Origens, dificuldades e esperança
Ney conta sua história com orgulho, partindo da comunidade da Roda de Fogo, na Zona Oeste do Recife, e destaca a sua criação, feita praticamente apenas por sua mãe. Com ela, viveu dificuldades de moradia, chegando a morar em barraco de lona, na comunidade do Tejucupapo. A dura realidade rapidamente alimentou em Ney o sonho de poder dar uma vida melhor à sua mãe, deixando o Recife e indo tentar a vida em São Paulo, entregando medicamentos.
“Eu disse e coloquei na minha cabeça: ‘pô, quando eu completar dezoito anos não quero dar mais essa vida à minha mãe’. Saí daqui e fui pra São Paulo, trabalhei entregando medicamentos, e o salário todo que eu recebia, entregava aqui a minha mãe. Ela é tudo para mim", contou.

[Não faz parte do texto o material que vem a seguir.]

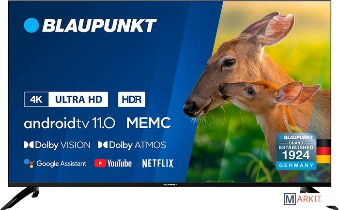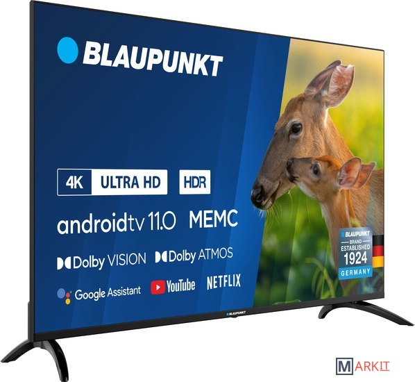 Blaupunkt обеспечивает экран сверхвысокой четкости, физическое разрешение которого составляет 3840 * 2160 (4K * 2K) с чипом декодирования 4K UHD, разрешение более чем в 4 раза выше, чем у телевизора Full HD 1080P. Изображение более предназначено для более тонкого просмотра.Новейшая технология High Dynamic Range (HDR), позволяющая добиться невероятной яркости, цвета, контрастности, детализации и размерности фильмов, снятых в этом формате. Теперь больше никаких компромиссов.Dolby Atmos выводит объемное звучание на новый уровень, обеспечивая истинное наслаждение 3D-звуком. Dolby Atmos становится обязательной функцией для серьезных поклонников кино. Dolby Atmos — это запатентованный аудиоформат, созданный для того, чтобы перенести тот же захватывающий, 360-градусный звук, который вы получаете в кинотеатре, в вашу гостиную Будьте готовы к новым впечатлениям с новым телевизором Blaupunkt.Новейшая операционная система уже на вашем телевизоре Blaupunkt. Еще больше улучшений производительности и конфиденциальности, а также множество новых функций, разработанных специально для телевизора.Быстро находите и воспроизводите любимые передачи, получайте ответы и управляйте своим домом. Ваш помощник теперь готов помочь на соответствующих устройствах Android TV. С вашего разрешения вы можете получить помощь по таким вопросам, как ежедневная сводка, информация о рейсах или поездке на работу. Узнайте последнюю информацию о погоде и пробках в вашем районе.Встроенное приложение chromecast передает любимые развлечения с телефона, планшета или ноутбука на телевизор. Телешоу, музыка, просмотр фильмов и даже прямые трансляции ТВ по жанрам через несколько приложений и источников одновременно, а затем воспроизведение шоу на большом экране. С помощью встроенного Chromecast вы можете передавать сигнал из 1000+ включенных приложений, таких как Netflix, Youtube, Google Play и др.Вы можете просматривать фотографии/музыку/фильмы, хранящиеся на устройстве USB, на экране телевизора.Теперь только те кнопки, которые вам действительно нужны. Netflix, Youtube, Amazon Prime Video и Shahid в один клик, не тратьте время, чтобы найти то, что вам нужно.

Após o período de trabalho na capital paulista, Ney voltou ao Recife, onde serviu ao exército. Nesse período, conheceu sua esposa, Mirelly, com quem teve o primeiro filho, Neymar, batizado em homenagem ao camisa 10 do PSG e da Seleção Brasileira. Após sair do exército e já vivendo a necessidade da compra de um dos medicamentos para o filho, diagnosticado com autismo de primeiro grau, Ney viu no futebol uma oportunidade para garantir uma nova fonte de renda, com a organização de campeonatos de várzea.
“Saí do exército e comecei a vender CD. Como meu filho tem autismo e tem um medicamento chamado Sabril, que é muito caro, aí só vendendo CD não dava, certo? Então, busquei outras formas de ter uma outra renda para ajudar na compra do medicamento do meu filho, que era muito caro, e minha renda era pouca vendendo CD. Daí eu comecei a organizar campeonato", disse.

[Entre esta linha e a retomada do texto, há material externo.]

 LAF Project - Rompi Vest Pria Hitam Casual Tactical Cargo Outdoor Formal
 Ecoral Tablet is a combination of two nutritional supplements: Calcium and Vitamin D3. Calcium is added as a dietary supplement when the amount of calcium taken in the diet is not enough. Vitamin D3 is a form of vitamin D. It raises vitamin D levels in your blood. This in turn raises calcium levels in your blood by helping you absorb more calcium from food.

Redes sociais, transmissão de jogos e a resenha no futebol
Os campeonatos aconteciam como qualquer outro, sem alarde ou atrair atenção. É quando Ney passa a “entrevistar” os jogadores do campeonato, divulgando nas redes sociais. A estratégia deu certo, com um aumento de seis vezes o número de equipes, de um campeonato para outro.
"Os campeonatos terminavam, cada um ia para a sua casa e não tinha tanta ênfase. Depois comecei a fazer pequenas entrevistas, peguei uma garrafa de cerveja vazia, na resenha mesmo, e comecei a fazer entrevista. O primeiro campeonato que eu fiz foram quatro times, no segundo foram 24. Então eu vi que a entrevista, esse desejo de se sentir importante do jogador, do atleta, estava dando certo para o meu primeiro empreendimento, que era organizando um campeonato", relatou.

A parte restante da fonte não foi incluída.